Stories by Bhalisa Sodo on Medium

NFTs for Data

Bhalisa Sodo — Tue, 01 Mar 2022 12:56:57 GMT

Data NFTs allow for more power & flexibility in managing & selling data

https://www.jotform.com/blog/40-beautiful-and-amazing-aquatic-life-photos/

I asked one of the brightest minds at the intersection of artificial intelligence and blockchain Trent McConaghy, from Ocean Protocol; what really is the purpose of Data NFTs? After having mischaracterised them for tools to enable data owners to unlock multiple revenue streams. It turns out; “The main idea of Data NFTs is more to explicitly represent base IP (e.g. copyright) which allows for more power & flexibility in managing & selling data”. This addresses the fundamental issue of ambiguous legal documents, that back copyright, that are not generally interpretable[4]. With the help of NFTs and blockchain technology, copyright can be represented transparently on an irrefutable public ledger, unambiguously. Thus, the process of transferring ownership and rights is highly lubricated; cutting immense legal and transfer costs and the middleman altogether. This post will focus solely on intellectual property in the context of copyright, and particularly in data ownership and the transfer thereof.

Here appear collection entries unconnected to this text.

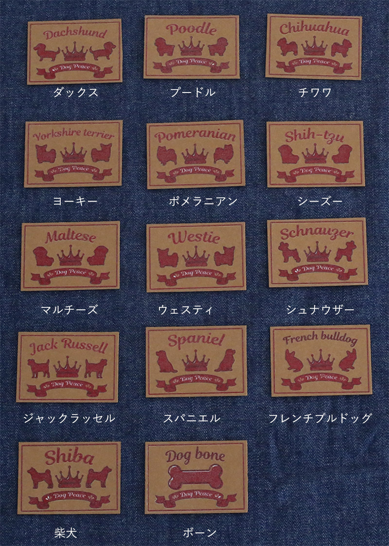 腰のジーンズタグはお選びいただいた刺繍と同じ犬種orボーンがつきます。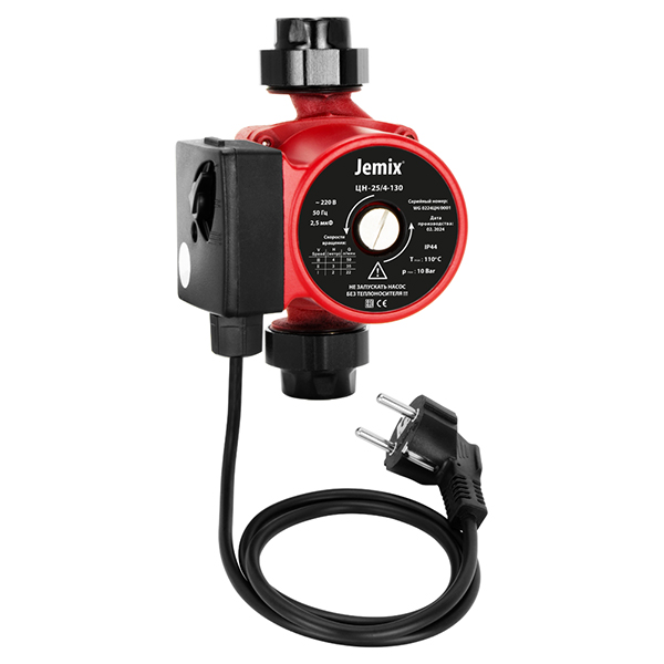 JEMIX ЦН 25/6-130 циркуляционный насос для системы отопления. Размер присоединительной гайки 1" (2 штуки) входят в комплект. Пропускная способность до 60 литр/мин и максимальный напор 6 метров при потребляемой мощности 100 Вт. Монтажная длина насоса 130 мм.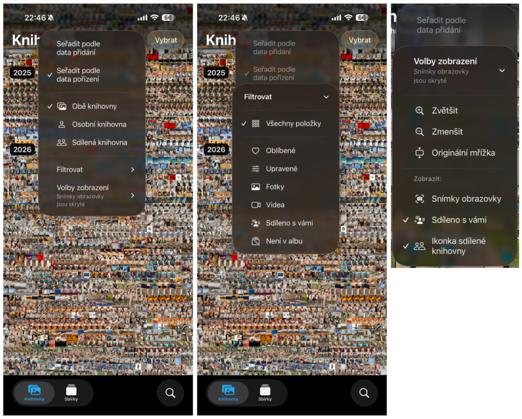 Dále najdete sekci Filtrovat, kde si můžete zvolit například pouze Oblíbené fotografie nebo pouze Videa. Úplně dole pak je sekce Volby zobrazení, které nabízí kromě zvětšování a zmenšování náhledů (to můžete dělat rychleji pomocí gest) také zobrazení čtvercové mřížky nebo originální mřížky. Jako poslední je zde možnost zapnout/vypnout zobrazení snímků obrazovky, fotografií, které jsou sdíleny s vámi a ikonku u fotografií pro sdílenou knihovnu.

I thought this would be important as data becomes more democratised and ubiquitous, as a result of the proliferation of public data marketplaces like Ocean Market.

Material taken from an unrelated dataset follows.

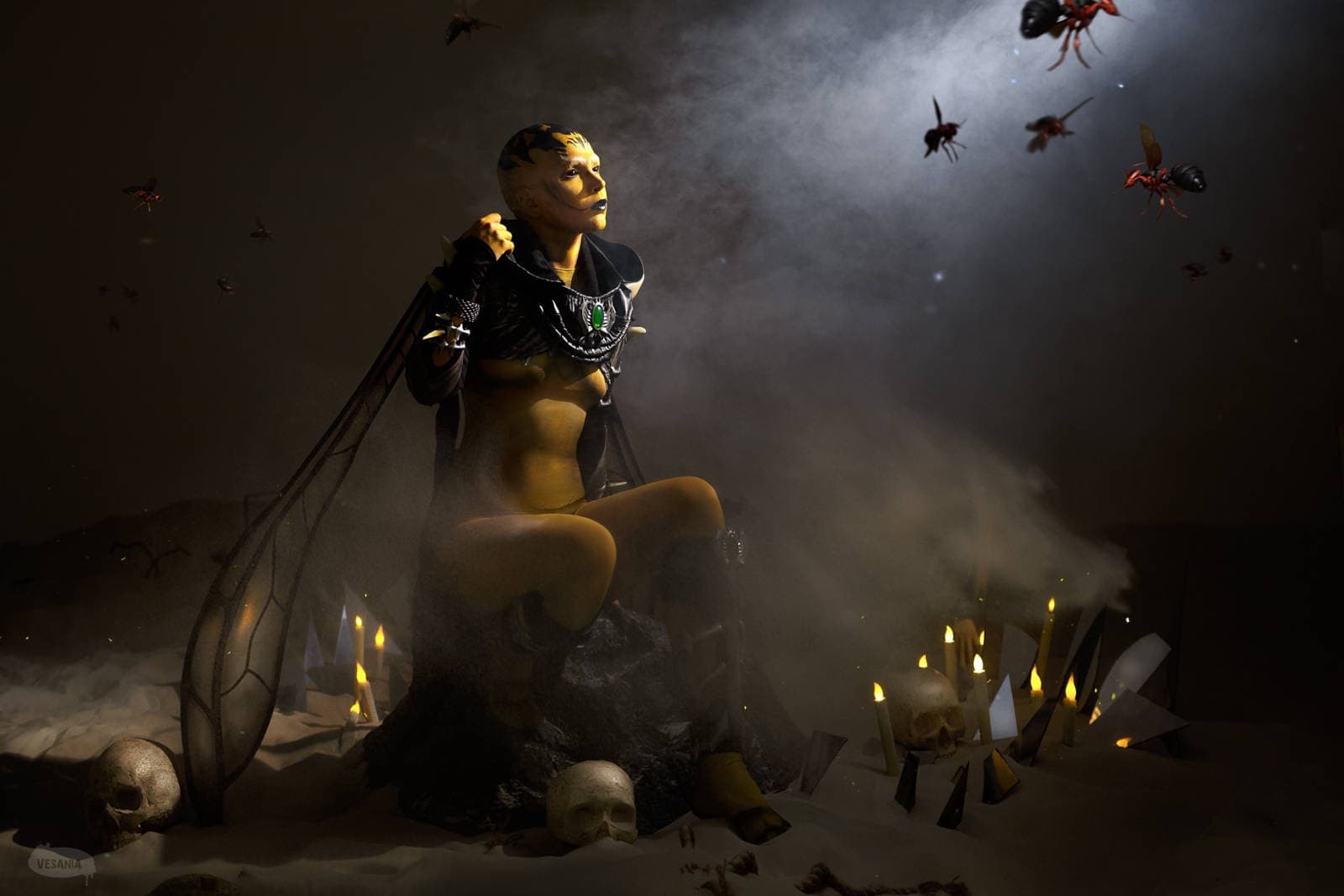 Во время фотосессии модель перевоплотилась в Ди'Вору — представительницу расы китинн, людей‑насекомых из царства Арнык.

Fungible and Non-Fungible Tokens (NFTs)

Fungible tokens, like cryptocurrencies that we are accustomed to on the Ethereum blockchain, follow the ERC-20 token standard. Meaning tokens of the same smart contract are interchangeable. Let us use the dollar as an example. Any 1 dollar note is exactly the same as the next 1 dollar note. It does not matter where you got that dollar from, it is homogeneous. You can think of apples of the same tree, you could probably trade one for another of a the same tree — granted they don’t vary fundamentally.

Non-fungible tokens, on the other hand, follow the ERC-721 token standard. This token is different to another from the same smart contract. NFTs are used to identify something or someone in a unique way. According to ethereum.org, this type of token is perfect to be used on platforms that offer collectible items, access keys, lottery tickets, numbered seats for concerts and sports matches, etc. Tokens of this standard are basically great candidates to represent a one-of-a-kind item. It cannot be identified by any other than itself.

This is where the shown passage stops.